PEOPLE v. FUMAI

Reset A A Font size: Print

Supreme Court, Appellate Division, Second Department, New York.

The PEOPLE, etc., respondent, v. Anthony FUMAI, appellant.

Decided: November 28, 2006

ANITA R. FLORIO, J.P., PETER B. SKELOS, STEVEN W. FISHER, and MARK C. DILLON, JJ. Bruce A. Barket, P.C., Garden City, N.Y. (Annamatesha N. Howell of counsel), for appellant. Kathleen M. Rice, District Attorney, Mineola, N.Y. (Robert A. Schwartz and Ilisa T. Fleischer of counsel), for respondent.

Appeal by the defendant from a judgment of the Supreme Court, Nassau County (Donnino, J.), rendered May 2, 2005, convicting him of criminal sale of a controlled substance in the second degree, upon his plea of guilty, and imposing sentence.

ORDERED that the judgment is modified, on the law, by vacating the sentence imposed thereon;  as so modified, the judgment is affirmed, and the matter is remitted to the Supreme Court, Nassau County, for resentencing in accordance herewith.
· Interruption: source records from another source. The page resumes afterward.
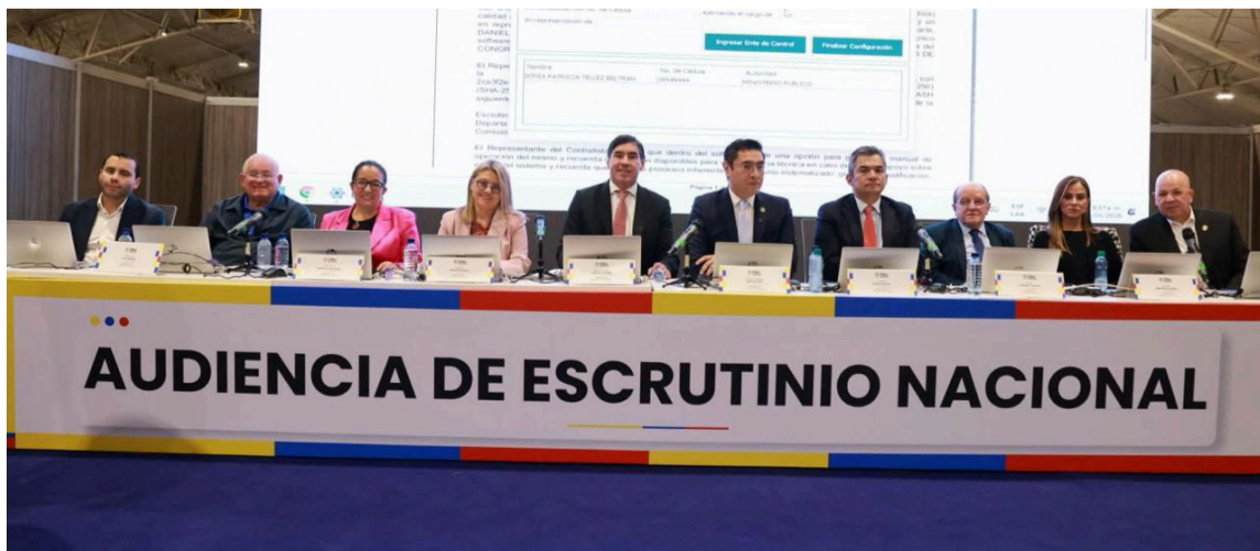
Con esta medida, el CNE refuerza el control sobre la financiación de las campañas.

Con esta medida, el Consejo Nacional Electoral refuerza el control sobre la financiación de las campañas y avanza en la consolidación de la transparencia, la legitimidad y la confianza en las elecciones presidenciales de 2026.
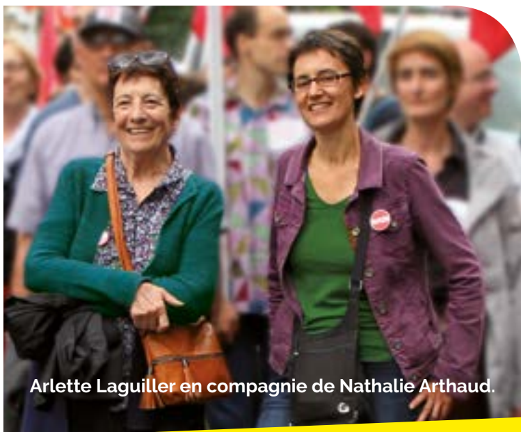
Arlette Laguiller en compagnie de Nathalie Arthaud.

Ma candidature est dans la continuité du combat qu'Arlette Laguiller mène depuis toujours avec nos camarades de Lutte ouvrière : ensemble, faisons entendre le camp des travailleurs!
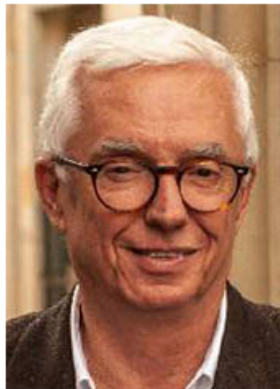
Por JORGE ENRIQUE ROBLEDO*
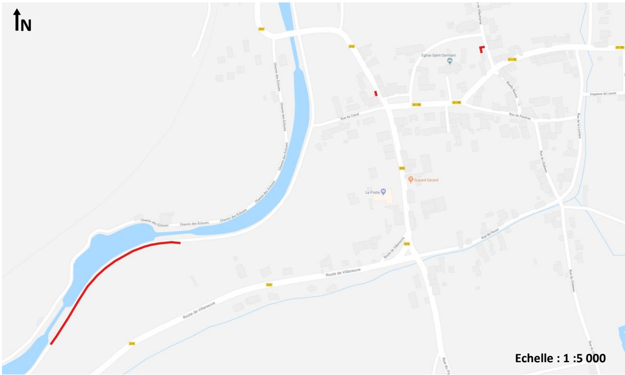
Figure 4 : vue rapprochée du GC 3 sur la commune de Marigny-le-Cahouët
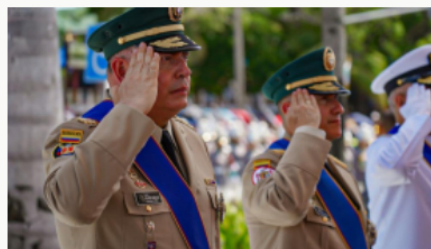
General Helder Giraldo: "Es prematuro hablar del fin de la guerra", refuta afirmación de presidente Petro
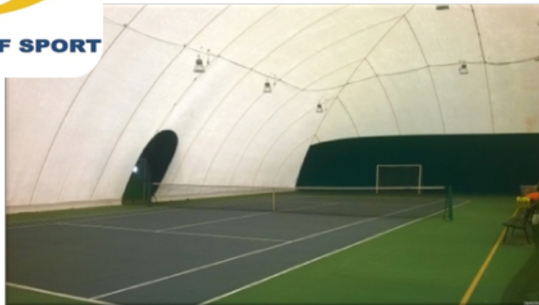
Circolo Tennis via Monte Zebio
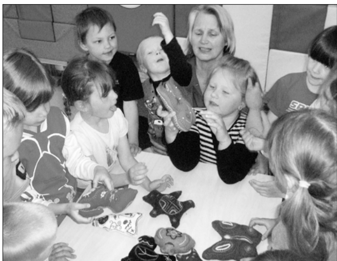
Vastemõisa lasteaia lapsed pihuloomadega.
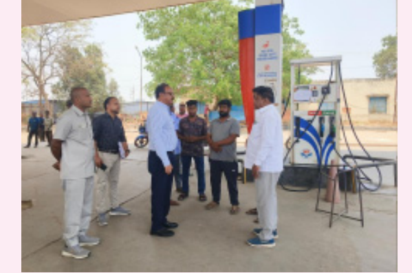
జరుగుతుందని జిల్లా కలెక్టర్ హెచ్చరించారు.
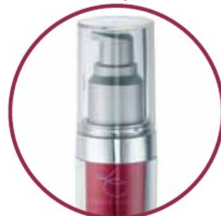
Anti-Aging System 12h-Active-Serum The 12h long term care effect

Apmeklē "Sarah's Beauty" salonu savas dāvanas iegādei 2 Talbot Place, Dublin 1 vai zvani Baibai uz 086 0778940 & nodrošini savu komplektu!
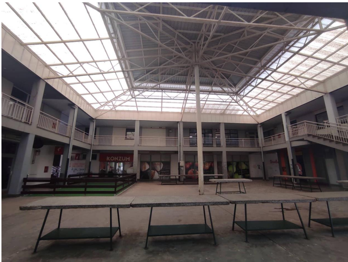
Slika 7. Zatvoreni dio novogradiške tržnice s betonskim klupama i okolo opasanim uredima, trgovinom Konzum te kafićem. Fotografija s terenskog istraživanja provedenog 09. svibnja 2022. Autorica fotografije je Barbara Jeftoski.

Na tržnici su sveukupno 122 betonske klupe za prodaju koje se daju u zakup putem javno objavljenog natječaja. U tržnom redu piše sljedeće „Prodajna mjesta daju se u zakup putem javnog nadmetanja, koje objavljuje Upravitelj, po pravilima koja su sastavni dio javnog natječaja. Postupak zakupa provodi povjerenstvo koje imenuje Upravitelj. Cijenu zakupa određuje Upravitelj u odluci o javnom nadmetanju (licitaciji)“. Iz neformalnih razgovora s prodavačima Marinom i Ljubišom saznala sam da su cijene klupa različite i mijenjaju se ovisno gdje se nalaze. Tako su, na primjer, u jednogodišnjem zakupu klupe uz prolaz skuplje nego one u sredini, kao što je naveo i Ljubiša u svom kazivanju: „A jer je u sredini, a ova je skuplja jer si odma pokraj staze. Na mjesečnoj bazi ja to uzmem, ovu sad plaćam trista, a onu ću dvjesta“. Za prodajna mjesta za koja nije sklopljen ugovor o godišnjem zakupu plaća se dnevna naknada koja danas iznosi dvadeset kuna 11 . Dnevnu naknadu ili, još poznatiji naziv, maltarinu skuplja maltar tj. tržni radnik koji se osim ovom vrstom posla, bavi i održavanjem reda i čistoće na
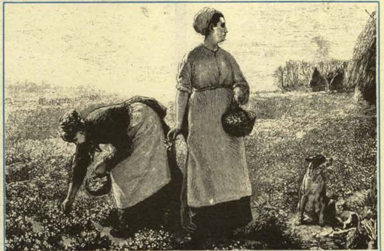
—¡Y pensar que cuando lleguen al horizonte estos pimientos valdrán tres veces más!
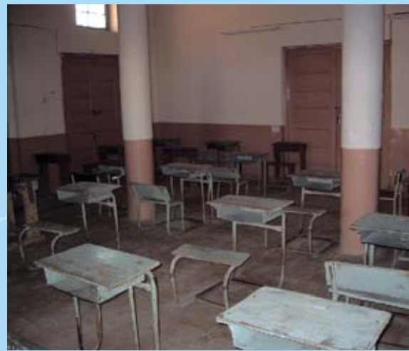
Eksempel på et velholdt klasseværelse i Irak.
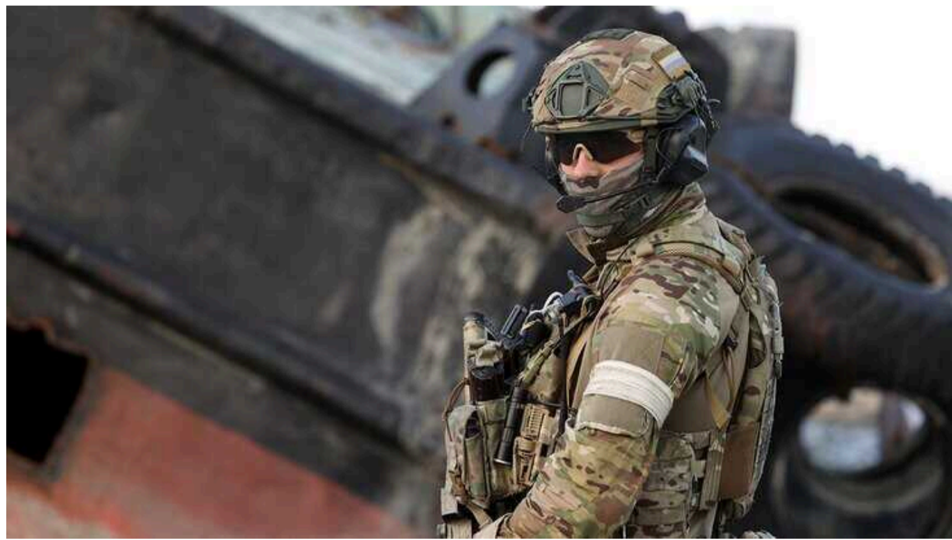
Окупанти розстріляли 9 беззбройних українських полонених на Бахмутському напрямку

За попередньою інформацією, це трапилось вчора 24 лютого. Розстріляними, імовірно, є бійці 92 ОМБр або хтось із приданих їм підрозділів.
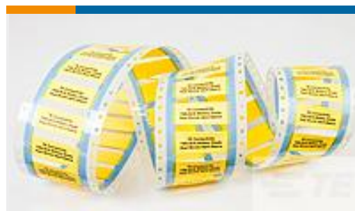
TE 产品编号5883010001 TMS-SCE-3/16-2.0-S1-4
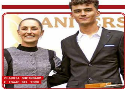
CLAUDIA SHEINBAUM E ISAAC DEL TORO
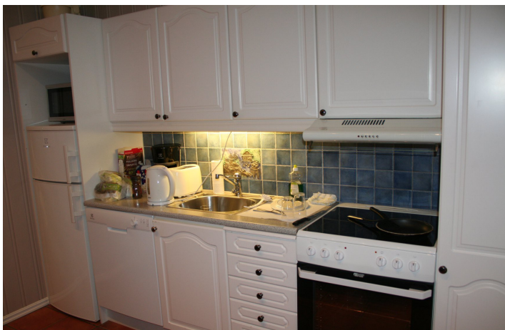
Kjøkkenet i hytta.
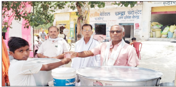
राहगीरों को शरबत देते ग्रामीण।

 Prior to the entry of the defendant's plea of guilty, the County Court, Nassau County (Calabrese, J.) adjudicated him a second felony offender predicated upon a prior drug conviction in the State of Connecticut.   Contrary to the People's contention, the defendant's fully preserved challenge to that adjudication (see People v. Samms, 95 N.Y.2d 52, 57, 710 N.Y.S.2d 310, 731 N.E.2d 1118) was not forfeited by his subsequent guilty plea and is properly before us (see People v. Thompson, 60 N.Y.2d 513, 520, 470 N.Y.S.2d 551, 458 N.E.2d 1228;  see also People v. Thomas, 53 N.Y.2d 338, 441 N.Y.S.2d 650, 424 N.E.2d 537;  cf. People v. Ladson, 30 A.D.3d 836, 817 N.Y.S.2d 722;  People v. Maglione, 305 A.D.2d 426, 759 N.Y.S.2d 174;  People v. Pabon, 224 A.D.2d 721, 721-722, 638 N.Y.S.2d 707).
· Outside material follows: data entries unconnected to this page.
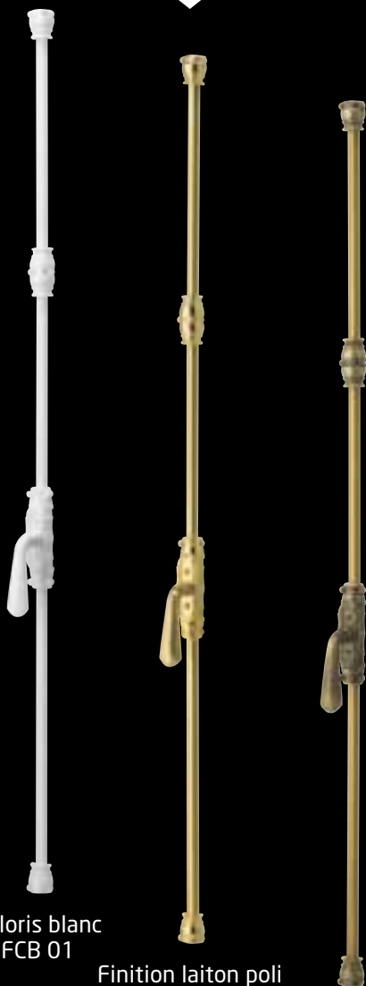
Coloris blanc FCB 01
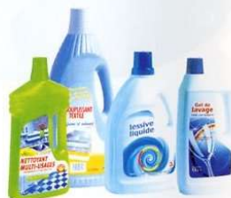
Flacons de produits ménagers...
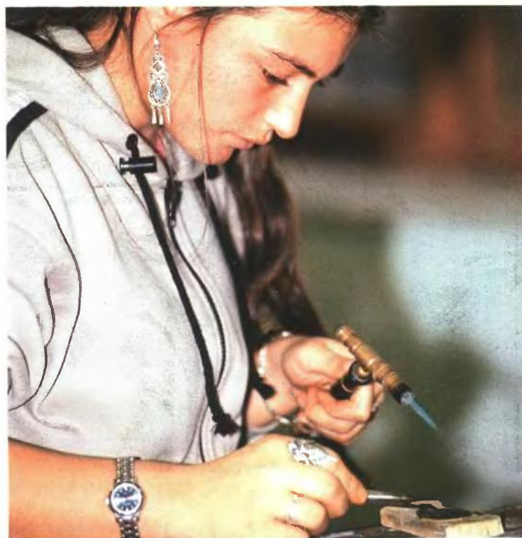
Η κατασκευή χειροποίητων αντικειμένων είναι ένας ολοένα αναπτυσσόμενος κλάδος που αποδίδει ένα ικανοποιητικό εισόδημα

► Μπορείτε να παρακολουθήσετε σεμινάρια που διοργανώνονται από διάφορους φορείς, αλλά και εργαστήρια, ώστε να αποκτήσετε την κατάρτιση
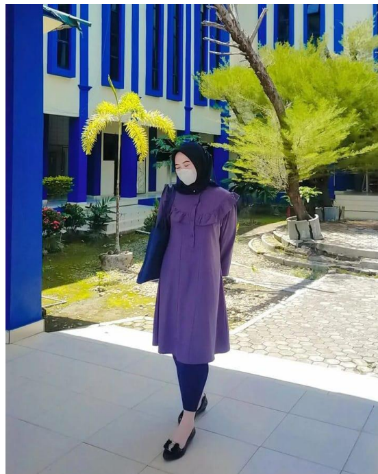
Gambar 2. Korean Style 2
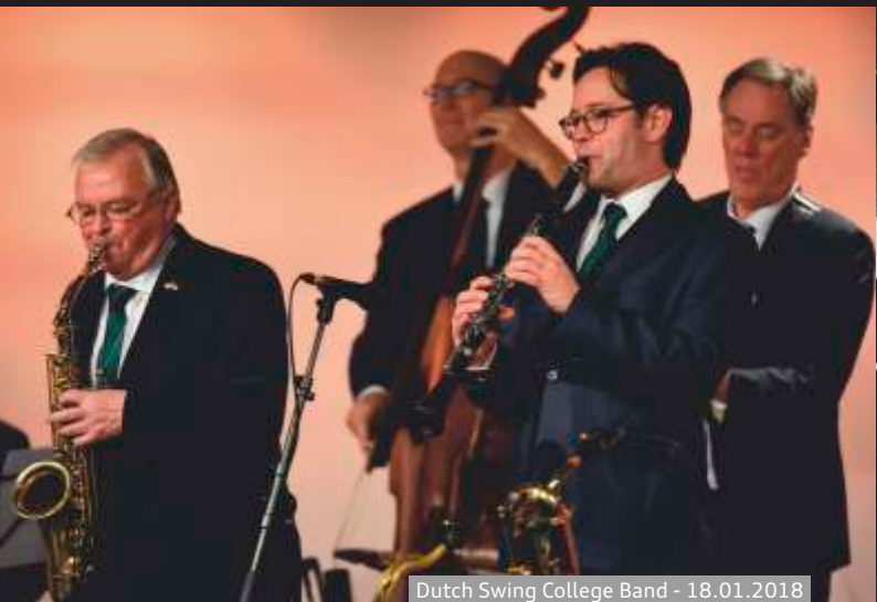
Dutch Swing College Band - 18.01.2018
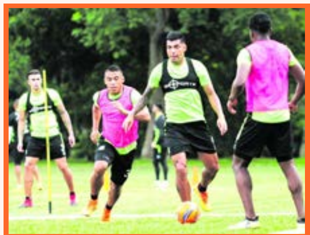
Deportivo Cali recibirá el próximo jueves al Independiente Medellín.
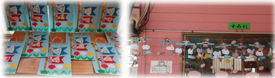
各クラスのこいのぼり・・・
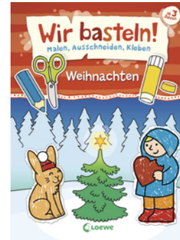
Wir basteln! - Malen, Ausschneiden, Kleben - Weihnachten
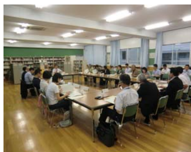
開校準備委員会の開催風景
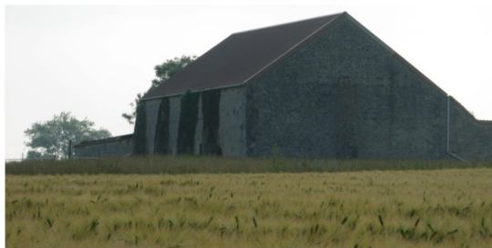
n°26 : Ferme fortifiée de Châtillon
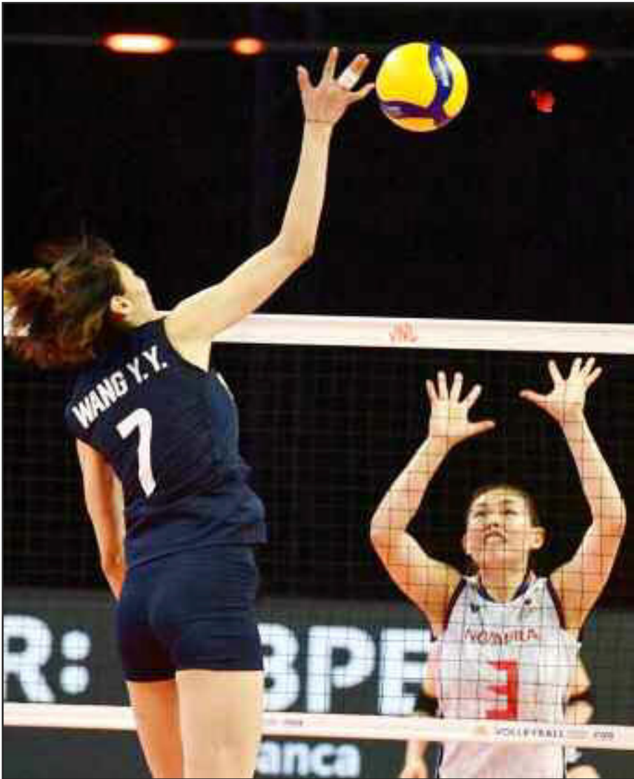
इटली में जापान और चीन के बीच वॉलीबॉल मैच खेलते हुए खिलाड़ी।
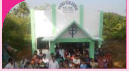
Magraisardar Kami, Tripura - 15.12.13

 The People failed to establish the requisite equivalence between Connecticut General Statutes § 21a-277(a) and Penal Law § 70.06(1) (see CPL 400.21[7][a], [c];  Penal Law § 70.06[1][b];  People v. Maglione, supra ).   Because the Connecticut statute covers a variety of acts not all of which are felonies in New York, the People were obligated to prove that the charges of which the defendant was actually convicted in Connecticut alleged acts that would constitute a felony in this State (see People v. Muniz, 74 N.Y.2d 464, 467-468, 548 N.Y.S.2d 633, 547 N.E.2d 1160;  People ex rel. Goldman v. Denno, 9 N.Y.2d 138, 211 N.Y.S.2d 403, 172 N.E.2d 663;  People v. Sair, 173 A.D.2d 578, 579, 570 N.Y.S.2d 312).   In this case, the prior Connecticut conviction was for “possession of narcotics [with] intent to sell.”   The People failed, however, to present any evidence as to which “narcotic substance,” as that term is defined under Connecticut General Statutes §§ 21a-240(9), 21a-240(30), 21a-243 and the regulations adopted thereunder, was at issue in the Connecticut case, thereby precluding a determination that such substance also fell within New York's different, and somewhat more restrictive, definition of a “narcotic drug” (see Penal Law § 220.00[7] and Public Health Law § 3306, schedules I[b], I[c], II[b] and II [c] ).

Accordingly, we modify the judgment by vacating the sentence imposed.   The matter is remitted to the Supreme Court, Nassau County, so that the defendant may be resentenced as a first-time felony offender.